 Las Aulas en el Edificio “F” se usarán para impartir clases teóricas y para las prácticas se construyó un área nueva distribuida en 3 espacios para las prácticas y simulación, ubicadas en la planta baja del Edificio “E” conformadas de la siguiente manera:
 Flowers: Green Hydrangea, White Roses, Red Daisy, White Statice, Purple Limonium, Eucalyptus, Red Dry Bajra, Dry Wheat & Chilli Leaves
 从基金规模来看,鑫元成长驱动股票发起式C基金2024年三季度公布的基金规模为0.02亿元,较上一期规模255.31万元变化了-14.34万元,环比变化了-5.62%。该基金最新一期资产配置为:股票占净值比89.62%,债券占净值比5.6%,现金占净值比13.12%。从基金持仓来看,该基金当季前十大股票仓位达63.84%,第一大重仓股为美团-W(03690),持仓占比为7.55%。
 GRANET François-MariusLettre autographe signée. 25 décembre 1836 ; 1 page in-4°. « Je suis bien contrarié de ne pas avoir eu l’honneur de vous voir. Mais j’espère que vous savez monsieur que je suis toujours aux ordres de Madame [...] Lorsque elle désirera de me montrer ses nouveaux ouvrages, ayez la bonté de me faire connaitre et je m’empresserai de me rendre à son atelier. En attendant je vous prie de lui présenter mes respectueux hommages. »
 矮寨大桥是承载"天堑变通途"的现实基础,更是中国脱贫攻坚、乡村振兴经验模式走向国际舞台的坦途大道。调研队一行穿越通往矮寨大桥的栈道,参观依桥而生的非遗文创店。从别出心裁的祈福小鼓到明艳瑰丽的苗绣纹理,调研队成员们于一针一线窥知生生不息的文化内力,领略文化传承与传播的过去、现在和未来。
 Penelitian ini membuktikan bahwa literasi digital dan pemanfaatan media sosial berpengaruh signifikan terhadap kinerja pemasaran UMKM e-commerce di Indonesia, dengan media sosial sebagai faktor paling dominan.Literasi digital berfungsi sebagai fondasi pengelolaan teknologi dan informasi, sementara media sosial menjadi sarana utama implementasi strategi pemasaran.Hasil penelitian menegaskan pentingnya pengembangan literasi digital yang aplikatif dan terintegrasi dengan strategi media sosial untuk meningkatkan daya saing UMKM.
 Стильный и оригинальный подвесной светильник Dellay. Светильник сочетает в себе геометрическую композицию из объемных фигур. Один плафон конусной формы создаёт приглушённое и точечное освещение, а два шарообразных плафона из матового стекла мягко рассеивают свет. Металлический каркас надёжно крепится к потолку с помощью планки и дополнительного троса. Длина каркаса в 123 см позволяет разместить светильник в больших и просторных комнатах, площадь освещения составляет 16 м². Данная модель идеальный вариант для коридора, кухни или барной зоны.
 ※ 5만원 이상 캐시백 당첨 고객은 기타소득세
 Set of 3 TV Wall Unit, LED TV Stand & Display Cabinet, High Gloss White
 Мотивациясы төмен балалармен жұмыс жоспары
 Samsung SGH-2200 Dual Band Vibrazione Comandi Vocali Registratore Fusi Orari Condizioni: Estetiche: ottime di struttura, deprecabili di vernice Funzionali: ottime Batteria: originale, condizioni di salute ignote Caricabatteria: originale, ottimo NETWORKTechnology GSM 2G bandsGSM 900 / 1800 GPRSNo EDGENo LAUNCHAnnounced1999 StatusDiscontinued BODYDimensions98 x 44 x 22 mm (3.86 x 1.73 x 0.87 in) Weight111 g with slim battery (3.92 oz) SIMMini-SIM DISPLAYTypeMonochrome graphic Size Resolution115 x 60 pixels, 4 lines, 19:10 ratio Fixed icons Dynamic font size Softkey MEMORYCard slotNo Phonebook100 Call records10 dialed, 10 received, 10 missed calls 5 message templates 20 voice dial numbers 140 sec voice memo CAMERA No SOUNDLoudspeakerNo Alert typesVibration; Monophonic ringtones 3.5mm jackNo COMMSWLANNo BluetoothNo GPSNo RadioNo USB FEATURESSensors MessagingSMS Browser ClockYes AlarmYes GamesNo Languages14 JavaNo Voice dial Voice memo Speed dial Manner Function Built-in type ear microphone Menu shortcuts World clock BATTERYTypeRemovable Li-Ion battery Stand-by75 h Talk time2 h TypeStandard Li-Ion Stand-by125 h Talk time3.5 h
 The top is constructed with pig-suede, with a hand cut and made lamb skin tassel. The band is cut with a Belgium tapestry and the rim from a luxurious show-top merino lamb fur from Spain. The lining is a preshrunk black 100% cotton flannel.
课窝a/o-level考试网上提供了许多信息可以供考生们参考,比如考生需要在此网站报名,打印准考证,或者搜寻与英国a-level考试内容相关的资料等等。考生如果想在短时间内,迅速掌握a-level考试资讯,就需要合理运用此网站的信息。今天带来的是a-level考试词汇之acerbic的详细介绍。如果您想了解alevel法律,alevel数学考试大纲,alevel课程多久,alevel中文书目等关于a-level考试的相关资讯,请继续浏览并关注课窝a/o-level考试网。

---

Activity:
Output nothing but the lines from the one with "Set of 3 TV" through the last line above, each exactly as it stands.

Answer section:
 Set of 3 TV Wall Unit, LED TV Stand & Display Cabinet, High Gloss White
 Мотивациясы төмен балалармен жұмыс жоспары
 Samsung SGH-2200 Dual Band Vibrazione Comandi Vocali Registratore Fusi Orari Condizioni: Estetiche: ottime di struttura, deprecabili di vernice Funzionali: ottime Batteria: originale, condizioni di salute ignote Caricabatteria: originale, ottimo NETWORKTechnology GSM 2G bandsGSM 900 / 1800 GPRSNo EDGENo LAUNCHAnnounced1999 StatusDiscontinued BODYDimensions98 x 44 x 22 mm (3.86 x 1.73 x 0.87 in) Weight111 g with slim battery (3.92 oz) SIMMini-SIM DISPLAYTypeMonochrome graphic Size Resolution115 x 60 pixels, 4 lines, 19:10 ratio Fixed icons Dynamic font size Softkey MEMORYCard slotNo Phonebook100 Call records10 dialed, 10 received, 10 missed calls 5 message templates 20 voice dial numbers 140 sec voice memo CAMERA No SOUNDLoudspeakerNo Alert typesVibration; Monophonic ringtones 3.5mm jackNo COMMSWLANNo BluetoothNo GPSNo RadioNo USB FEATURESSensors MessagingSMS Browser ClockYes AlarmYes GamesNo Languages14 JavaNo Voice dial Voice memo Speed dial Manner Function Built-in type ear microphone Menu shortcuts World clock BATTERYTypeRemovable Li-Ion battery Stand-by75 h Talk time2 h TypeStandard Li-Ion Stand-by125 h Talk time3.5 h
 The top is constructed with pig-suede, with a hand cut and made lamb skin tassel. The band is cut with a Belgium tapestry and the rim from a luxurious show-top merino lamb fur from Spain. The lining is a preshrunk black 100% cotton flannel.
课窝a/o-level考试网上提供了许多信息可以供考生们参考,比如考生需要在此网站报名,打印准考证,或者搜寻与英国a-level考试内容相关的资料等等。考生如果想在短时间内,迅速掌握a-level考试资讯,就需要合理运用此网站的信息。今天带来的是a-level考试词汇之acerbic的详细介绍。如果您想了解alevel法律,alevel数学考试大纲,alevel课程多久,alevel中文书目等关于a-level考试的相关资讯,请继续浏览并关注课窝a/o-level考试网。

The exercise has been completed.